Bukannya menjawab, Attaya hanya tersenyum. Bukan kali pertama Attaya tahu tentang Sadha sebelum gadis itu memberitahu. Bahkan kedatangan Attaya ke kosnya kemarin juga masih misteri, kenapa lelaki itu bisa tau. Dan semua cerita Sadha selama mereka berpisah.

"Satu persatu mimpimu sudah hampir tercapai semua ya Dha. Masih punya mimpi ingin menjadi jurnalis?" Sadha otomatis mengangguk.

"Skripsimu sudah sampai mana?" Attaya bertanya membuat kerongkongan Sadha mengering seketika. Kenapa begitu sulit dia mengatakannya.

Lagi dan lagi Attaya tersenyum melihat ini, seperti senyuman misteri.

"Kamu belum bisa buat skripsi karna kamu belum lulus di mata kuliah jurnalistik? Dan itu karena kamu menolak praktik di perusahaan besar di Indonesia yang terletak di jakarta?" Tepat, tepat sekali. Sedetail itu Attaya mengetahui semua yang terjadi.

"Mimpimu bagaimana? Padahal di masalalu kamu gak pernah bilang kalau mimpimu balik ke indonesia" Sadha berusaha mengalihkan pembicaraannya.

"Masih sama seperti dulu ya Dha. Suka mengalihkan pembicaraan" Attaya terkekeh pelan. Wajahnya masih tenang dan menenangkan.

"Aku memang tidak pernah bilang mimpiku akan kembali ke indonesia. Tapi, kamu ingat aku pernah bilang kalau aku akan menemui orang yang aku cintai setelah aku lulus kuliah. Dan orang itu ada di indonesia Dha" ucapan Attaya entah kenapa bisa membuat hati Sadha nyeri. Ia pun tak tau apa sebabnya.

"Loh, kenapa kamu gak pernah cerita kalau kamu ada menyukai seseorang?" tanya Sadha dengan nada kekecewaan.

'Bagaimana bisa aku memberitahu, orangnya itu kamu Dha' batin Attaya

"Udah gausa cemberut gitu. Aku juga baru sadar sama perasaan aku setelah aku ada di inggris. Bukan aku gak mau cerita ke kamu sebagai sahabat aku Dha" Attaya mengatakan itu sambil tersenyum.

'Sahabat, hanya sahabat' beo Sadha dalam hati.

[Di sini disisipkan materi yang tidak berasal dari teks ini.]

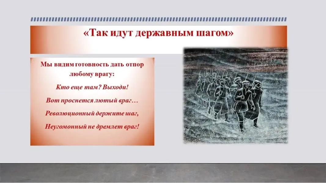 21 слайд. Чувство революционного долга заставляет идти вперед, преодолевая стихию, страх. Мы видим готовность дать отпор любому врагу:
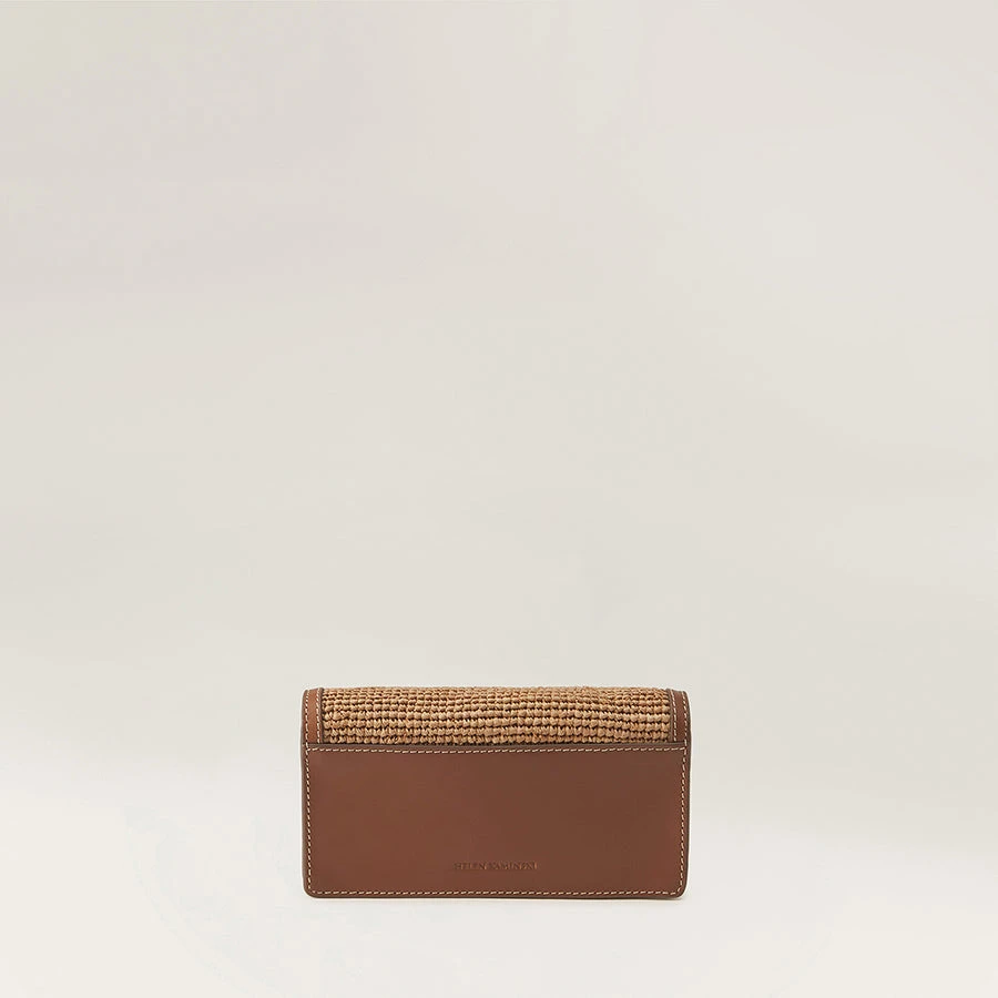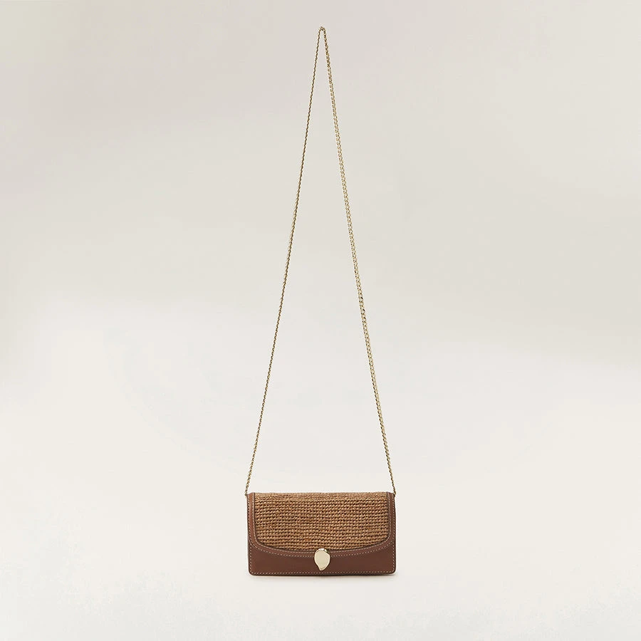 - Raffia and Leather Chain Clutch Wallet
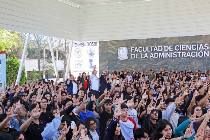 Con el propósito de dar la bienvenida de manera directa a quienes inician su trayectoria universitaria en este semestre, el rector de la Universidad Autónoma de Coahuila, Octavio Pimentel Martínez, visitó la Facultad de Ciencias de la Administración (FCA), donde compartió información sobre la oferta académica, los valores institucionales y las múltiples oportunidades que ofrece la UAdeC.
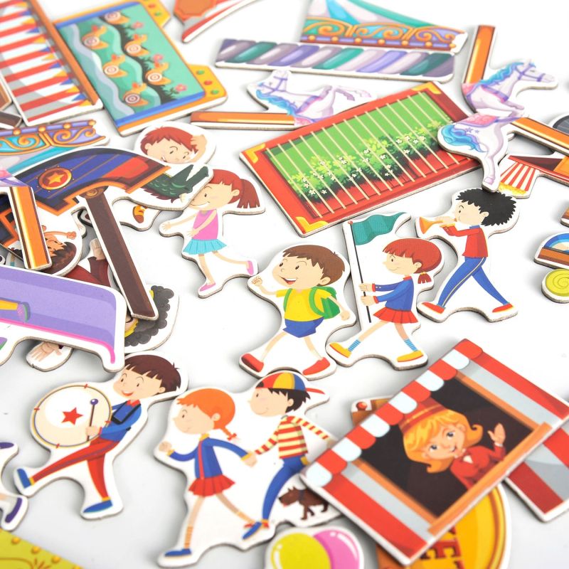 Le livre contient une sélection de figurines et d'attractions magnétiques que les enfants pourront utiliser pour créer leur propre monde à dix. Carrousels, grandes roues, stands de bonbons, machine à pop-corn et bien plus encore ; seule l'imagination est la limite !
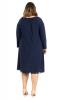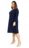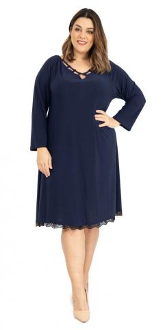 Marinblå klänning med spetsdekor i volangen och vacker utsirad halsöppning. A-linjeformad modell. Materialet stretchande och behagligt 95% polyester, 5% elastan.
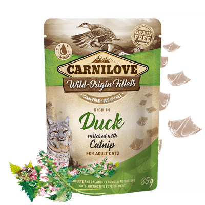La carne de pato hipoalergénica y altamente digerible es suave para el sistema digestivo y contribuye a una condición física óptima. El alto contenido de ácidos grasos poliinsaturados protege el corazón y el sistema circulatorio. La menta gatuna tiene propiedades antibacterianas, promueve la salud del tracto digestivo, reduce la aparición de enfermedades diarreicas y también tiene un efecto sedante, calma el sistema nervioso y protege contra el estrés. También protege contra los ectoparásitos y es un fuerte atrayente para los gatos que mejora el sabor.
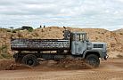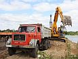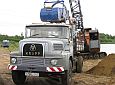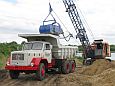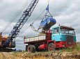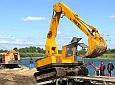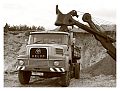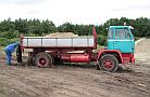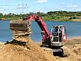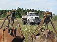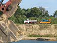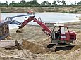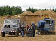 Zum wiederholten Mal bot sich in einer Sandgrube bei Stade die Möglichkeit, in übersichtlichem Rahmen mit Maschinen zu spielen. Gegenüber dem letzten Mal war die Grube selbst zwar nicht kleiner geworden, wohl hatte sich aber die Wasserfläche durch Naßabbau enorm vergrößert. Man könnte über jetzt über ein Schwimmbagger-Treffen nachdenken, dieses Jahr mußte man aber mit einer kleineren Abbaustelle auskommen, die Fahrwege rings um die Grube bis zur Füllsand-Kippe boten aber nach wie vor guten Auslauf für alles, was Räder hatte.
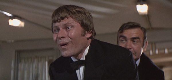 As long as the topic of butch characters has been brought up, let us get to the dual assassins Mr. Wint and Mr. Kidd. As I haven’t read the Ian Fleming novel in quite some time, I cannot for the life of me remember if they were originally portrayed as being this gay. I guess after using big Korean dudes with lethal bowler hats and then random guys in color-coded jumpsuits, the next logical step would be having two gay killers in your evil organization’s employ. However, as they never share any scenes with Blofeld, perhaps they are just killing for the sake of killing throughout the movie.
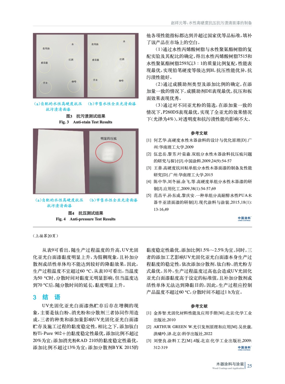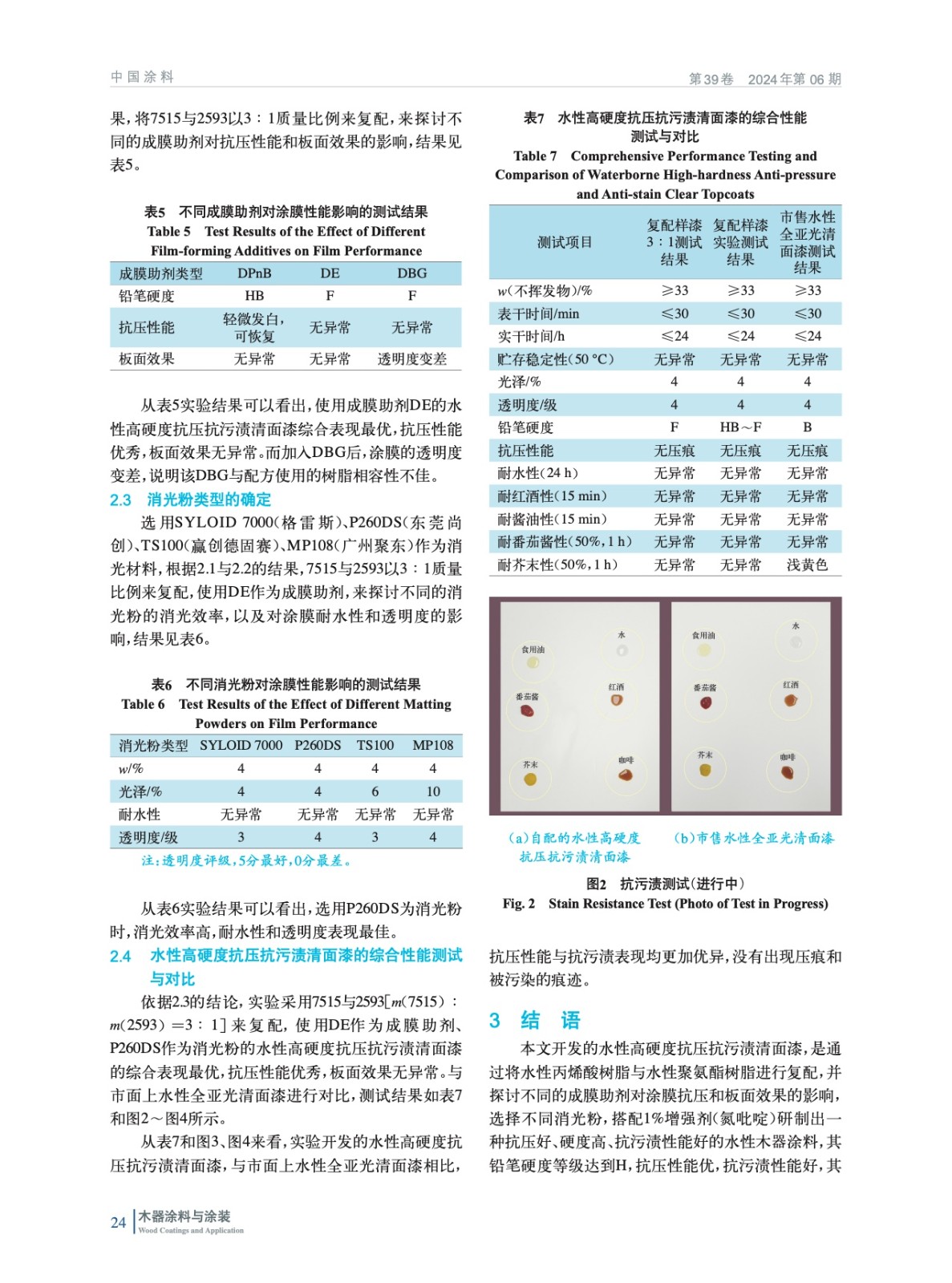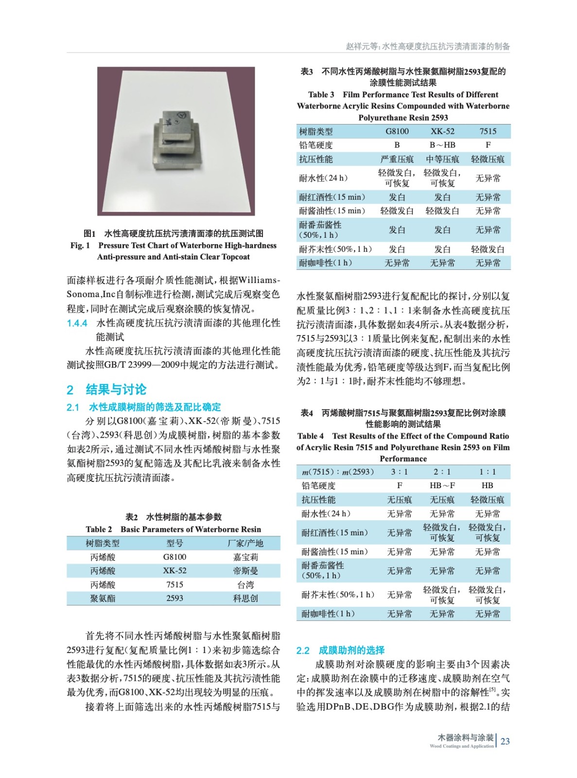 摘要:以水性樹脂、消光粉和其他助劑為原料,通過配方優(yōu)化改進(jìn),制備了一種抗壓抗污漬高硬度的水性清面漆。探討了不同水性丙烯酸樹脂與水性聚氨酯樹脂的復(fù)配篩選及其配比、不同的成膜助劑和消光粉的種類對最終研制的水性全亞光(光澤為2%~5%)高硬度抗壓抗污漬清面漆的硬度、抗壓性能、抗污漬性和透明度的影響。按照GB/T 6739—2006《色漆和清漆鉛筆法測定漆膜硬度》標(biāo)準(zhǔn)進(jìn)行測試,對涂膜的硬度進(jìn)行評估。結(jié)果表明:當(dāng)配方采用水性樹脂7515與2593[復(fù)配比例m(7515)∶m(2593)=3∶1]、成膜助劑DE、消光粉P260DS時,搭配質(zhì)量分?jǐn)?shù)1%的增強劑(氮吡啶),最終開發(fā)的水性高硬度抗壓抗污漬清面漆的涂膜抗壓性能、硬度表現(xiàn)和抗污漬均達(dá)到最佳,其中鉛筆硬度等級達(dá)到F。
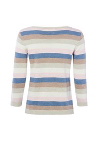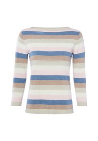 Langarmtrui van gebreide stof met horizontale strepen in beige, blauw, wit en lichtroze, voorzien van een ronde hals.
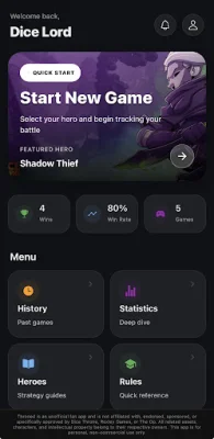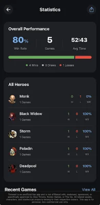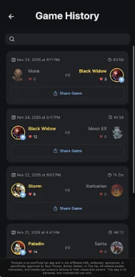 Throned also offers features to track stats and history, automatically recording wins, losses, and win rate. Players can also view character-specific performance to see which heroes they excel with. Recent game history can be browsed with detailed match information, and data can be exported for backup or manually logged for offline games.
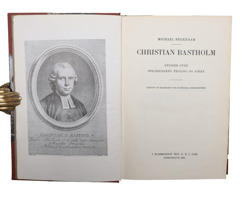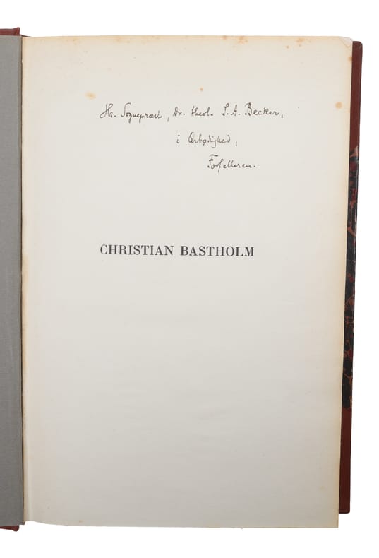 København, G.E.C. Gad, 1922. 8vo. Indbundet i et simpelt, samtidigt halvshirtbind med forgyldt rygtitel. Med egenhændig dedikation på fribladet til ""Hr. Sognepræst, Dr. theol. P.A. Becker"". Enkelte spredte brunpletter og understregninger. Med frontispieceportræt af Bastholm. 457 pp.
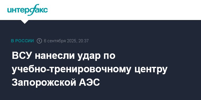 Москва. 6 сентября. INTERFAX.RU - ВСУ атаковали учебно-тренировочный центр Запорожской АЭС, обошлось без разрушений, сообщили представители ЗАЭС в субботу.
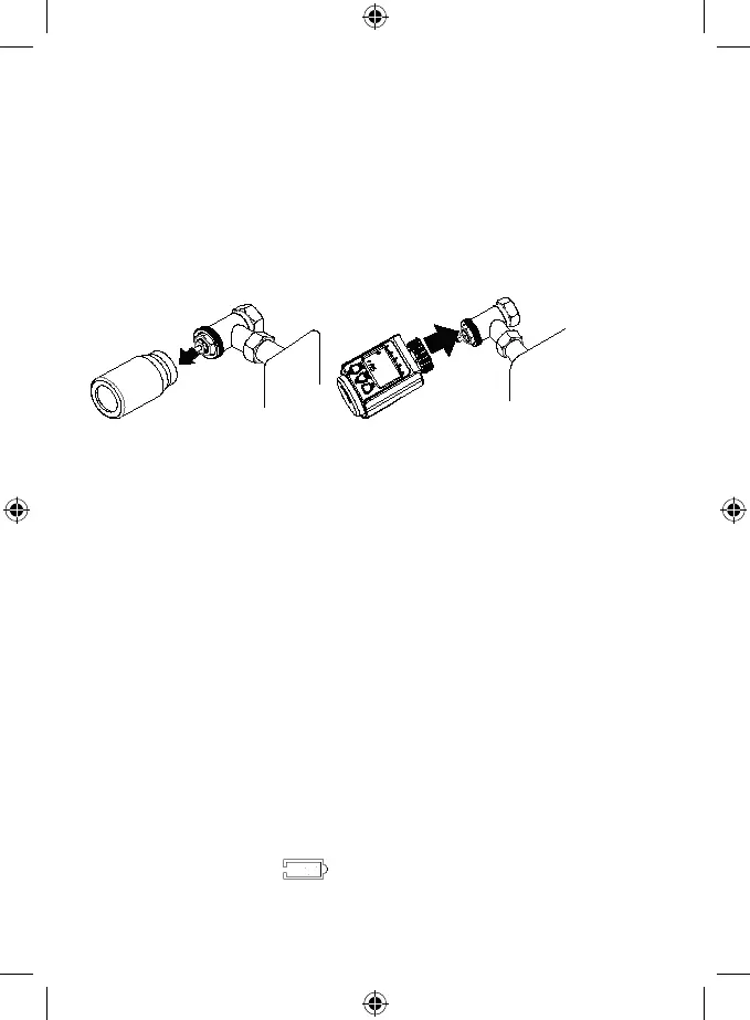 2. A felszerelés előtt helyezze be a szárazelemeket a termosztatikus szelepbe. Lazítsa meg a radiátor szelepén
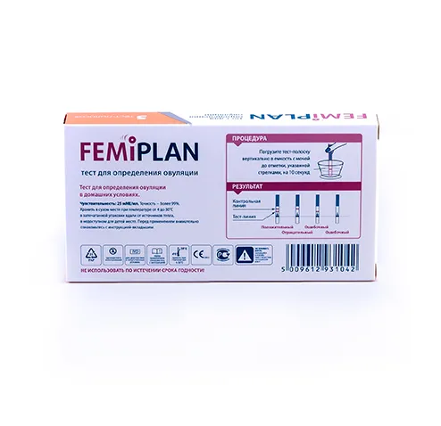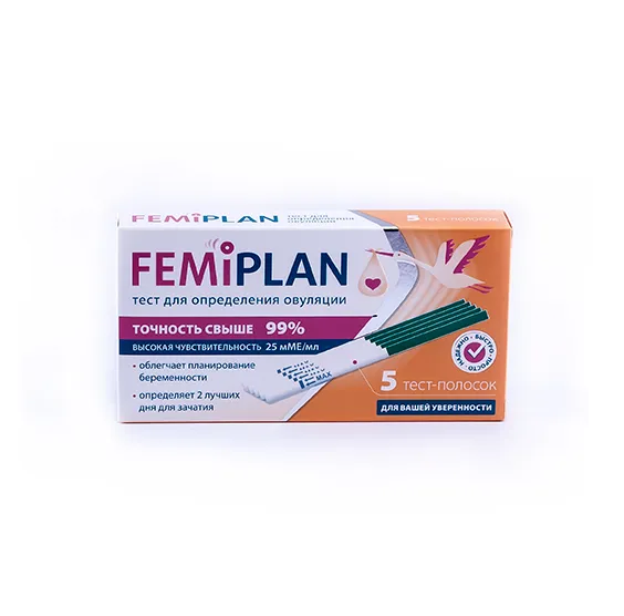 5 тест-полосок для определения двух наиболее благоприятных дней для зачатия. Femiplan поможет вам оптимально спланировать наступление беременности. Действие теста основано на определении в моче женщины концентрации лютенизирующего гормона (ЛГ) – это гормон, концентрация которого растёт по мере приближения времени наступления овуляции (момент когда яйцеклетка выходит из яичника).

Dari kejauhan, Sakha melihat itu sungguh panas hatinya. Ia menatap dengan gelisah. Ah ia harus berbuat apa. Siapa sih lelaki ini? Tak mungkin ia menghampiri, ia takut emosi. Akhirnya ada satu ide muncul di kepalanya.

Drtt.. drtt..
Suara itu muncul dari saku celana milik Sadha. Iapun merogoh.

Sakha

Nama itu tertera di layar ponselnya. Iapun menyerngit.

"Pacar kamu Dha?" Attaya bertanya, yang langsung diberi gelengan keras oleh Sadha.

"Bos ku" jawab Sadha sambil menekan tombol merah di layar hpnya. Ia mematikan panggilan itu.

"Oo, yang menggantikan posisiku selama beberapa bulan ini? Boleh aku ketemu dengannya. Bukan hari ini, kapan kamu bisa" lagi dan lagi ucapan Attaya mampu membuatnya membeku di tempat.

Attaya pun langsung berdiri pergi lalu meninggalkan uang selembar biru untuk membayar minumannya.

"Kabari aku aja kapan bisanya" sebelum benar-benar pergi, Attaya mengatakan itu terlebih dahulu.

Lalu Sadha kembali ke dapur, dengan ekspresi yang sulit di artikan.

"Siapa tadi?" Tanya Sakha kepo dengan sedikit nada berapi.

"Bukan urusan lo" jawab Sadha jutek.